Nigeria has received its first COVID-19 vaccines on Tuesday to kick off an inoculation programme, delivered under the international COVAX scheme.
Nigeria with an average 200 million people took delivery of 3.92 million doses of the Oxford/AstraZeneca vaccine.
The feat means that Nigeria is the third West African country to receive COVAX shots, after Ghana and Ivory Coast, which have both started vaccination campaigns.
Boss Mustapha, chairman of Nigeria’s presidential task force on COVID-19 in his reaction to the development, said:
“The successful development of vaccines and the accelerated process for emergency authorisation has brought hope to humanity all over the world”.

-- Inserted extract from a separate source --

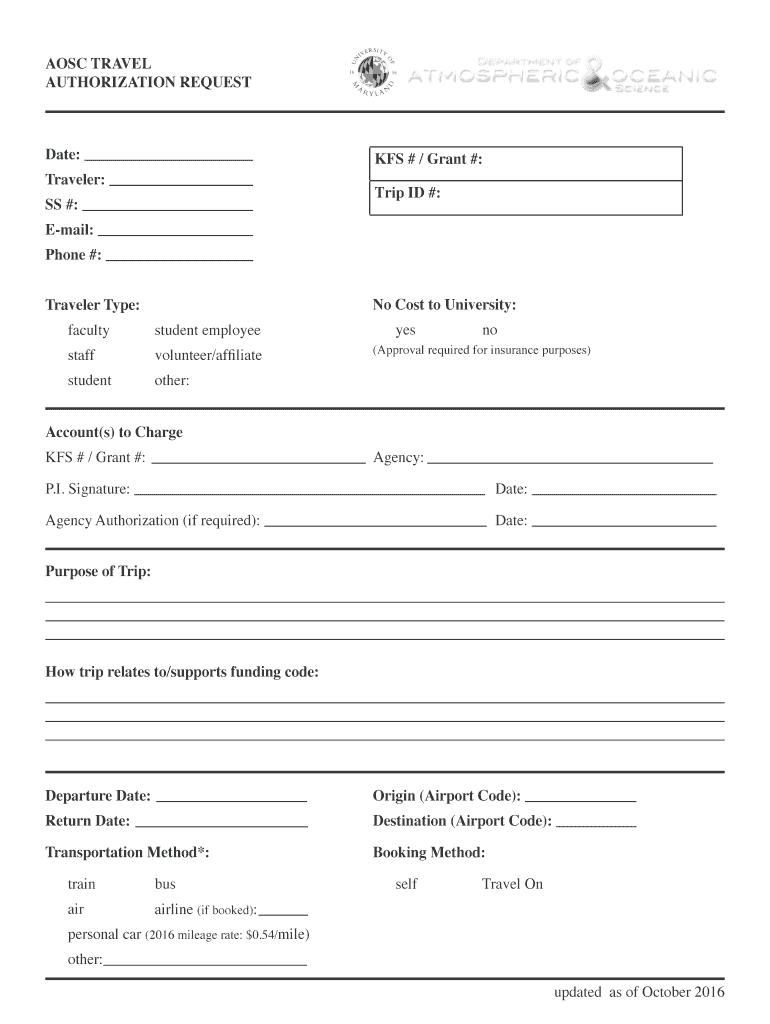 AOSC travel form must be completed online or through designated government channels with details of the trip, purpose, and traveler information.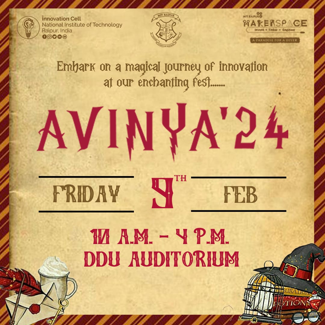 रायपुर ।राष्ट्रीय प्रौद्योगिकी संस्थान रायपुर के इनोवेशन सेल (आई सेल) के द्वारा इनोवेशन को बढ़ावा देने के लिए एकदिवसीय मुख्य कार्यक्रम ‘अविन्या’ का आयोजन दिनांक 09 फरवरी 2024 को दीनदयाल उपाध्याय ऑडिटोरियम में किया जाएगा। टीम इनोवेशन सेल ने अपने इस फ्लैगशिप इवेंट की थीम 'मैजिक ऑफ साइंस - अनलॉक द चैंबर ऑफ सीक्रेट्स' रखी है। कार्यक्रम का आयोजन इनोवेशन सेल के फैकल्टी इन चार्ज डॉ. सौरभ गुप्ता के मार्गदर्शन में किया जाएगा।

Fillers from the government indicated that the vaccination would start with frontline healthcare workers, the highest-priority recipients, in Abuja on March 5, followed by strategic leaders on March 8.
Mustapha said the government expected to receive 84 million doses of the Oxford/AstraZeneca vaccine from COVAX this year, enough to inoculate 20% of the population.
COVAX, led by the vaccine alliance Gavi, and the World Health Organization (WHO), with UNICEF as an implementing partner, aims to deliver nearly 2 billion doses worldwide by the end of 2021.
Peter Hawkins, the Nigeria country representative for UNICEF, said Nigeria’s extensive experience in combatting infectious diseases, most recently the eradication of wild polio, would facilitate the rollout of COVID-19 doses.
“We will use the polio network to be able to ensure that people in the most extreme areas are reached as quickly as possible,” Hawkins said.